違う次元の迷子センター
きっぱりと言い放つと、ヨシュアはますますおかしそうに肩を震わせた。
「さすがに隠し子はないなあ……ないはずだよ、うん」
 冗談めかした言葉が、ヨシュアにかかるとあまりにも胡散臭くて、本気なのかそうじゃないのか分からない。疑わしげな私の視線を感じ取ったのか、ヨシュアが困ったように笑う。
「まあ、伊達に長いことコンポーザーやってないしね。それに」
 くるりとこちらを振り向いたヨシュアの手が、すっと俺の頭を撫でた。歩きながらだったから、一回だけ、それでも手つきは限りなく優しく。
「子どもの相手ならいつもしてるじゃない?」
 ふんわりと一瞬だけ柔らかく微笑んだ表情は、すぐに前に向き直ったせいで見えなくなってしまう。
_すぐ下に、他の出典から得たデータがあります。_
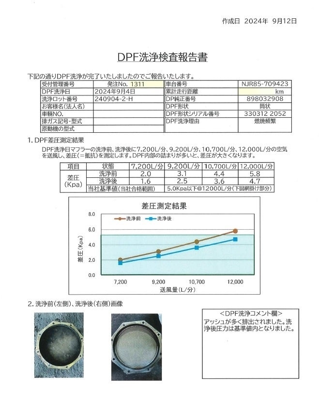 ・数値測定 → 洗浄 → 再測定の工程により、確実な性能回復を実現(純正フィルターのまま)
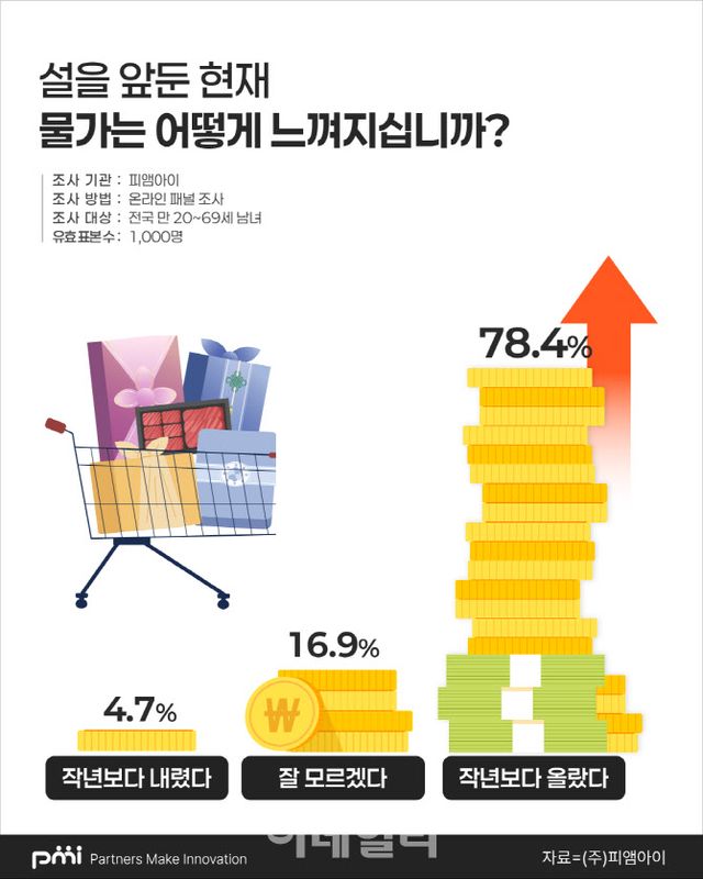 고물가는 명절의 온기마저 위축시키고 있다. 응답자의 78.4%가 “작년보다 물가가 올랐다”고 체감했다. 지출 규모는 지난 추석과 비슷하게 유지(54.3%)하겠다는 답변이 절반을 넘었으나, 세부 내용을 뜯어보면 ‘허리띠 졸라매기’가 역력하다.
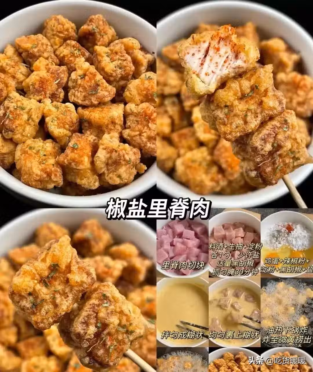 料酒+生抽+澱粉各1勺,少許鹽裡脊肉切塊 適量黑胡椒 雞蛋+辣椒粉+ 抓勻腌30分鐘澱粉+黑胡椒+鹽拌勻成糊狀 均勻裹上糊狀炸至微黃撈出油熱下鍋炸復炸至金黃色歐芹碎辣椒粉,牛約帶與椒黃62即對開吃。
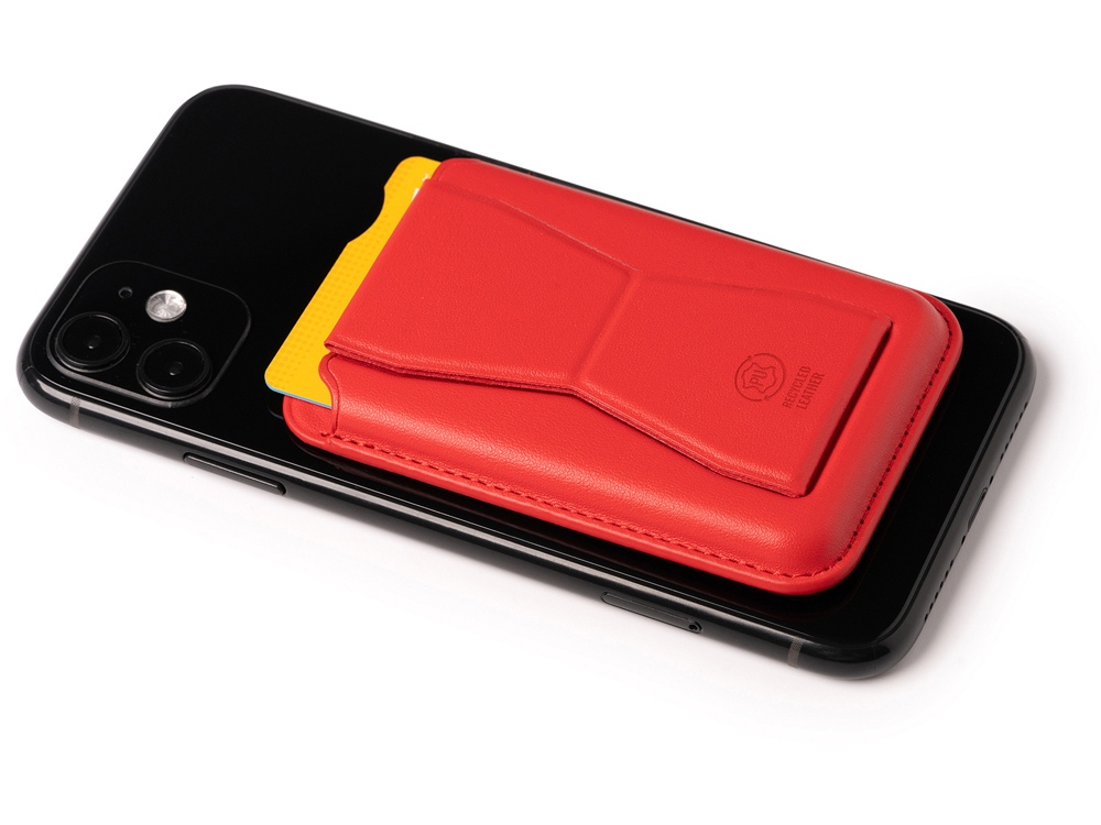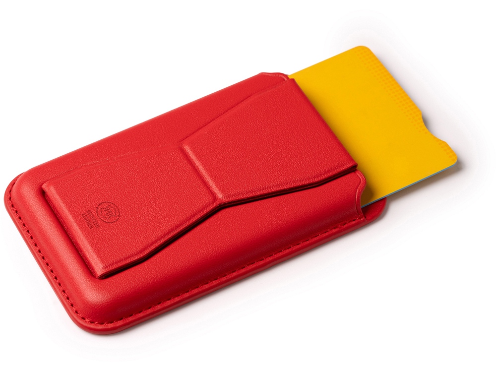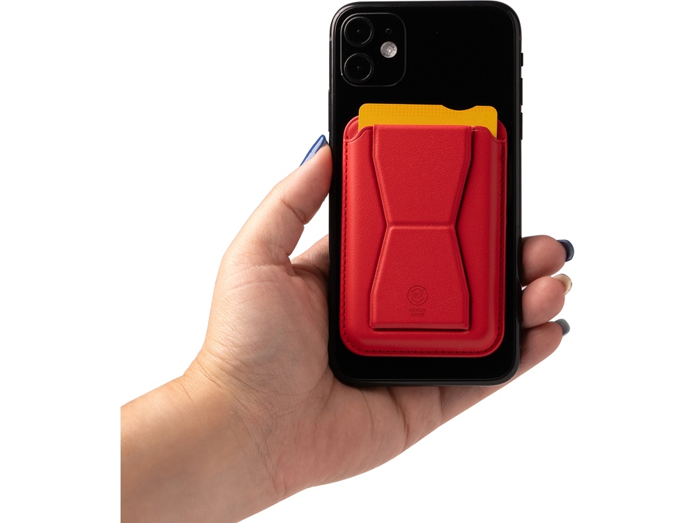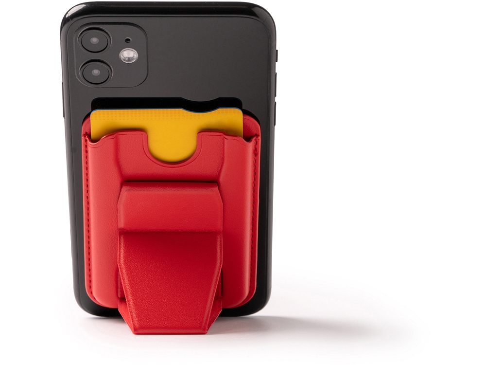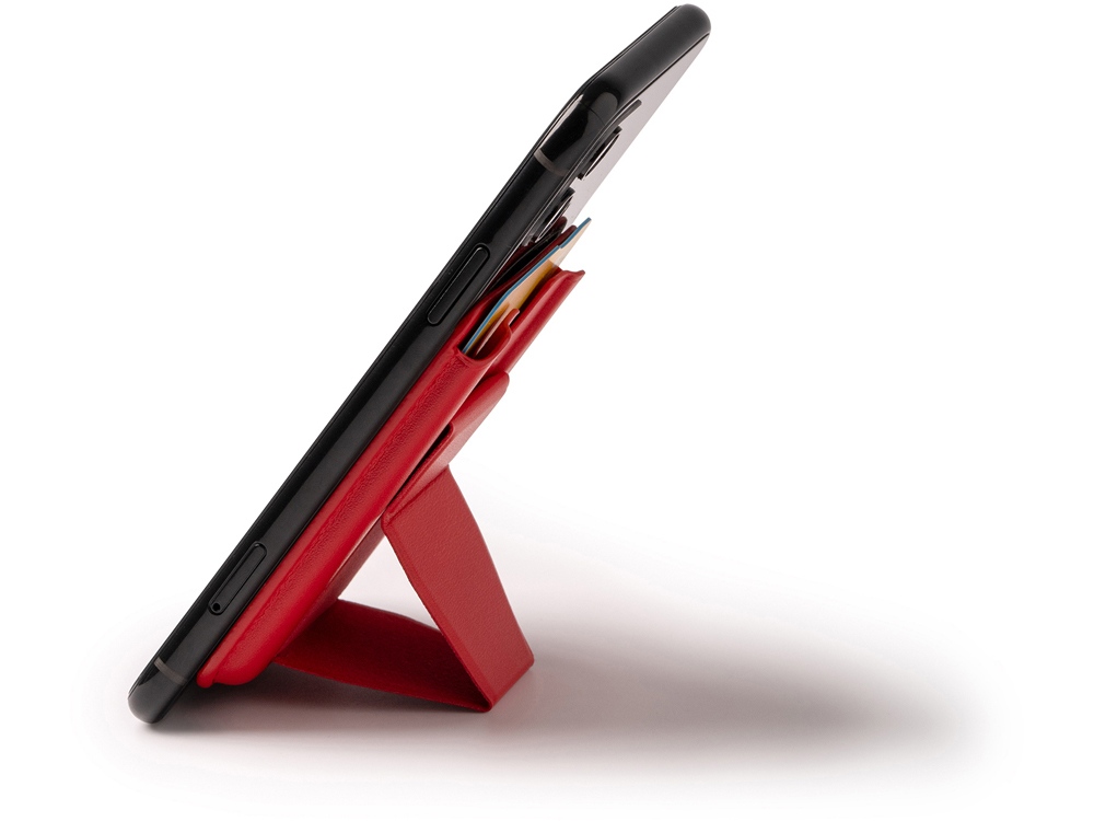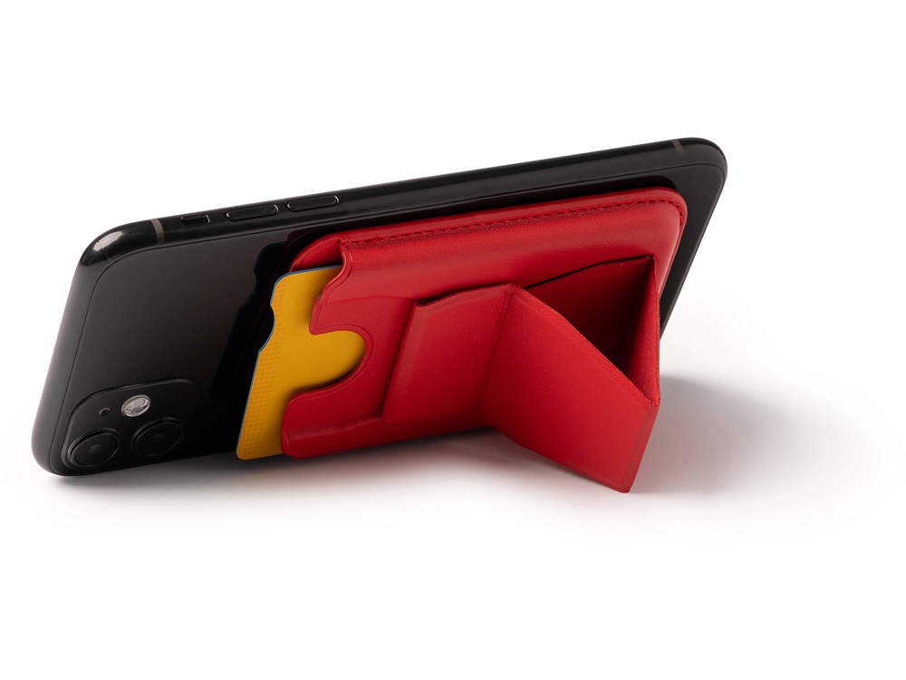 Картхолдер со складной подставкой из переработанного полиуретана. Картхолдер имеет минималистичный и современный внешний вид, который идеально дополнит любой смартфон. Складная подставка обеспечит вам удобство при просмотре видео, видео-звонках или чтении. При помощи специальной липкой фактуры, которая находится под защитной бумагой, картхолдер надежно приклеивается к вашему телефону. Не нужно беспокоиться о соскальзывании или повреждении — он будет оставаться на месте!

それでも甘く蕩けたスミレ色の光が目に焼きついてしまって、その子どもはもしかして私のことかとか、誰が子どもだとか、子ども扱いするなっ!とか言い返してやりたかった言葉はぐるぐると頭の中を渦巻いただけで外に出されることなく消えた。
 優しく頭を撫でたヨシュアのゆびの感触に思わず熱くなる頬を押さえながら、綺麗に伸ばされた背筋をじっと睨みつけることしかできないのが悔しい。
 ヨシュアがこちらを見ないうちに、赤くなってしまったであろう顔はなかったことにして、本来ならヨシュアと手をつないでいるのは俺なのに、と幼子に対して抱いてしまったみっともない感情も見なかったことにして、まっすぐなその背中を見失わないようにスペイン坂のコンクリートを蹴った。